ギルベイン・ゴールド
ギルベイン・ゴールド(Gilbane Gold)とは、全米プロフェッショナルエンジニア協会(National Society of Professional Engineers、略称「NSPE」)が作成した作品、およびその中で登場する肥料の名前。
架空の市であるギルベイン市を舞台に、技術者の責任、法の問題、企業の内部告発等について考えさせるための架空の事件である。
同作品は翻訳され、日本の大学でも教材として使用している学校は多い[1]。
あらすじ
[編集]アメリカのギルベイン市は、市の行政として汚水処理場で、同市に工場を構えるコンピュータ部品企業「Zコープ」から排出される汚水を処理する一方、同処理場に堆積した汚泥を乾燥させ、農業用肥料「ギルベイン・ゴールド」として販売して市の収入の一部としていた。
ギルベイン市は過去に税金の優遇政策を取ることでZコープ社の工場を誘致したものの、工場が操業を始めた後で、汚水に対する環境基準を国の10倍という非常に厳しいものにしたため、Zコープ社の工場はなんとか黒字を保っているほどになってしまっていた。 しかしZコープ社がギルベイン市に多額の税金を納めているほか、工場は多数の雇用を生み出し、Zコープ社の排出する汚水からギルベイン・ゴールドを作って収入にしているのも事実であった。
しかしある日、主人公のデイビッド・ジャクソン(Zコープ社の若手技術者)は、工場の排出している汚水に含まれる鉛とヒ素の値が、市の定めた基準値を少しだけ上回っていることに気がつき、会議で基準値を上回っていること、ギルベイン・ゴールドが鉛とヒ素に汚染されている危険があることを発表する。しかし市の定めた測定方法では精度が悪いため排出レベルが基準を上回っていることは分からず、また上回っているといっても多少であり、すぐに環境に影響を与える量ではないことから、釈然としないながらも、彼の上司であるフィル・ポートや社長の言うままに隠してきた。
それから時が経ち、Zコープ社は日本のトーコー・コンピュータと提携し、工場の大幅拡大と増産に踏み切る。

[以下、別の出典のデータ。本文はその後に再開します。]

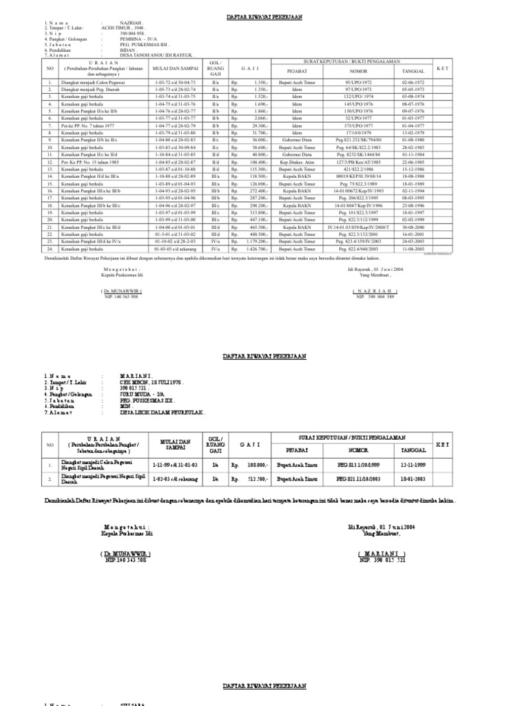 Daftar Riwayat Pekerjaan Pegawai Puskesmas

事態を危惧したデイビッドは、友人と相談し、ついにZコープ社工場の排水が環境基準値を上回っていること、市の定めた基準値は汚水中に含まれる有害物質の濃度のみを定めており、排出量については何も定めていないざる法(つまり、有害物質の排出量が倍になっても、流す水の量も倍にしてしまえば濃度は同じなので規制に引っかからない)であることなどの情報をテレビ局にリークする。
論点
[編集]この作品には、作品中で直接語られていないものも含め、論点は多い。しかしその趣旨は主に3つあり[2]、
- 問題解決のためには、道徳的な考えだけでは通用しない
- 意見の総意を得るために、意見の不一致を埋めることは困難である
- 物語中で語られている話だけでは、物語中で起こる問題の根本までは解決できないこと
である。これらも、大切なのは「皆が妥協できる意見を求めること」であり、相手を論破することではないとされる。
またこれ以外にも、実際に学校で協議させる場では、
- 市がZコープ社の工場を税金優遇で誘致した後、排出基準値をはね上げることは許されるか
- 基準を上回っていても、どの程度上回っているのか
- デイビッドの内部告発は適切であったか、もっと現実的な解決手段はなかったか
- ギルベイン・ゴールドは本当に有害物質に汚染されているのか
等も争点として挙げられることが多い。
参考・出典
[編集]- ^ 大阪大学大学院工学研究科 生命先端工学専攻 生物工学コース 2004年2月資料 13頁第29章にギルベイン・ゴールド訳文と解説有り。